### What to work on
After locating the line with "This elegant tabletop" in the entries below, output it and each following line up to and including the line with "时尚休闲拼色半拉链连帽卫衣女2025秋冬新款洋气减龄长袖显瘦上衣", exactly and without pictures.

### Record excerpts
::::::

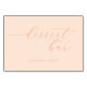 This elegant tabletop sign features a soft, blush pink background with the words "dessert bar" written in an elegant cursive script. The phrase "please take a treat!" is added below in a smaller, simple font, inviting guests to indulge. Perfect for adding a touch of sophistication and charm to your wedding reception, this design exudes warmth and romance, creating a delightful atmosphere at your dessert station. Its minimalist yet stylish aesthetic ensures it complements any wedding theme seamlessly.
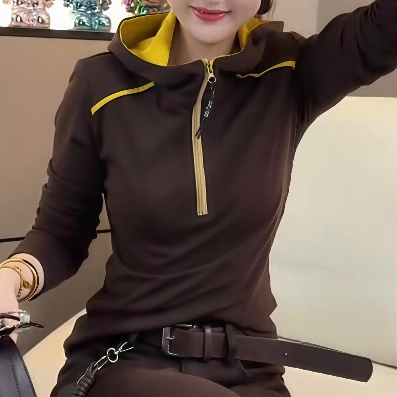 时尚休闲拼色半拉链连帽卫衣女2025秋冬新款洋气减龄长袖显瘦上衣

::::::

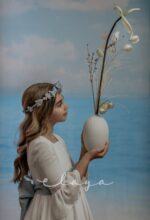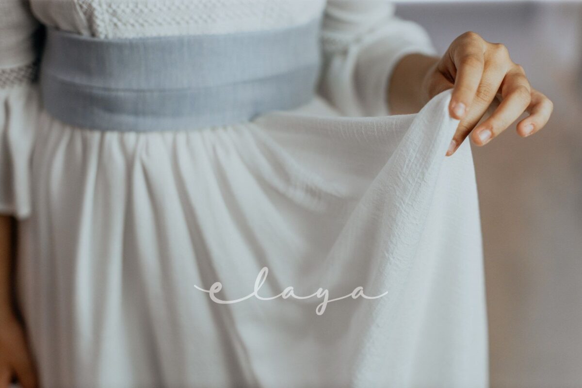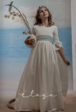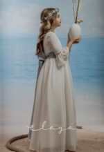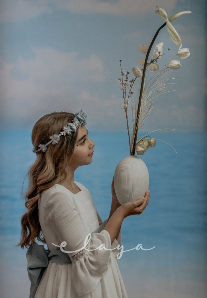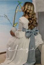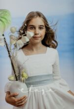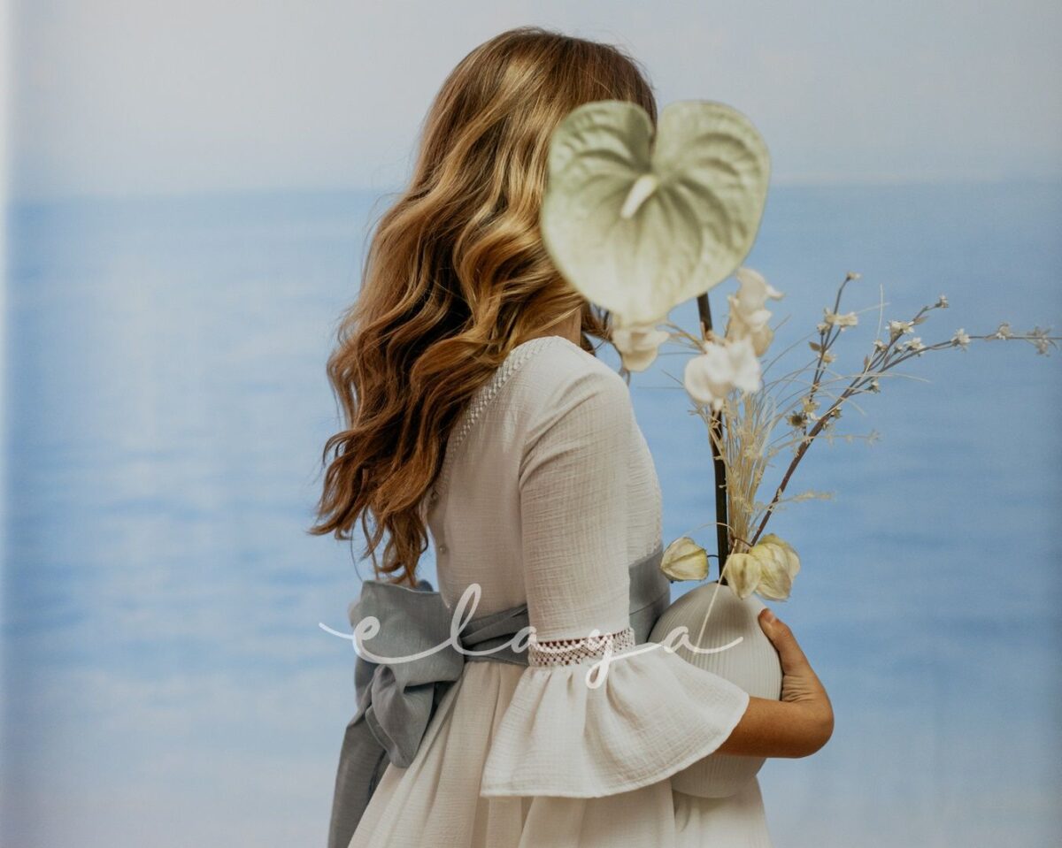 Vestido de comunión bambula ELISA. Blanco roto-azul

::::::

### Reply to the exercise
 This elegant tabletop sign features a soft, blush pink background with the words "dessert bar" written in an elegant cursive script. The phrase "please take a treat!" is added below in a smaller, simple font, inviting guests to indulge. Perfect for adding a touch of sophistication and charm to your wedding reception, this design exudes warmth and romance, creating a delightful atmosphere at your dessert station. Its minimalist yet stylish aesthetic ensures it complements any wedding theme seamlessly.
 时尚休闲拼色半拉链连帽卫衣女2025秋冬新款洋气减龄长袖显瘦上衣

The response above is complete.